■ **Goal of the exercise**
Without including any images, output the listing below exactly.

■ **Source material**

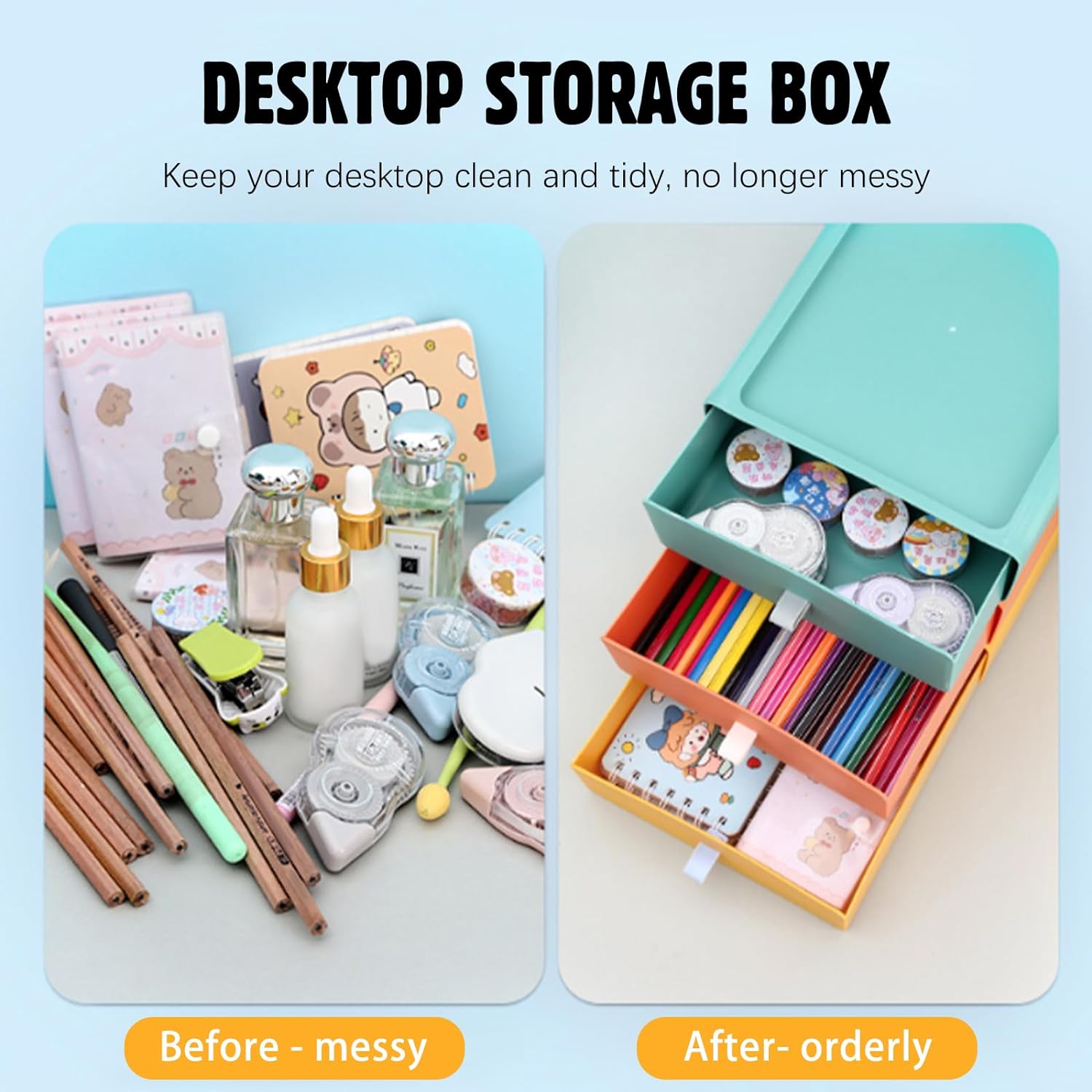 With three different color options to choose from, you can customize your workspace to fit your personal style. Say goodbye to messy desks and hello to a more productive work environment with the 6 PCS Desk Organizer with Drawers. Order yours today and start organizing your space with ease.
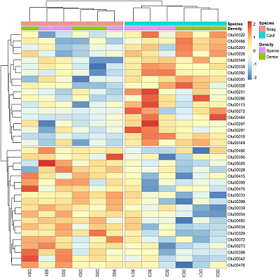 If we have analysed our multivariate data and identified those variables that differed between treatments, we can choose to plot only them in the heatmap. In this example, we will only look at those bacterial OTUs that differed between the two levels of the Species factor after removal of the unvegetated samples.
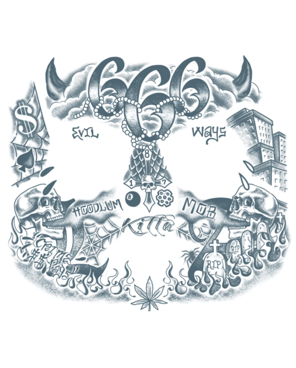 Mit dem Face Tattoo Gangster vervollständigst du deine Verkleidung an Halloween und auf Mottopartys! Du kannst das Fake-Tattoo unkompliziert mit einem feuchten Tuch oder Schwamm anbringen und genauso einfach mit Baby- oder Olivenöl wieder entfernen. Das Tattoo zeigt eine geniale Anordnung vieler Gangster Symbole und Schriften wie den Ausdruck „Evil Ways“. Weitere Aufklebe Tattoos als Kostüm Zubehör wie das Prison Break Tattoo Der fügsame Teufel findest du natürlich in einer riesen Auswahl bei uns im Shop.

■ **Response area**
 With three different color options to choose from, you can customize your workspace to fit your personal style. Say goodbye to messy desks and hello to a more productive work environment with the 6 PCS Desk Organizer with Drawers. Order yours today and start organizing your space with ease.
 If we have analysed our multivariate data and identified those variables that differed between treatments, we can choose to plot only them in the heatmap. In this example, we will only look at those bacterial OTUs that differed between the two levels of the Species factor after removal of the unvegetated samples.
 Mit dem Face Tattoo Gangster vervollständigst du deine Verkleidung an Halloween und auf Mottopartys! Du kannst das Fake-Tattoo unkompliziert mit einem feuchten Tuch oder Schwamm anbringen und genauso einfach mit Baby- oder Olivenöl wieder entfernen. Das Tattoo zeigt eine geniale Anordnung vieler Gangster Symbole und Schriften wie den Ausdruck „Evil Ways“. Weitere Aufklebe Tattoos als Kostüm Zubehör wie das Prison Break Tattoo Der fügsame Teufel findest du natürlich in einer riesen Auswahl bei uns im Shop.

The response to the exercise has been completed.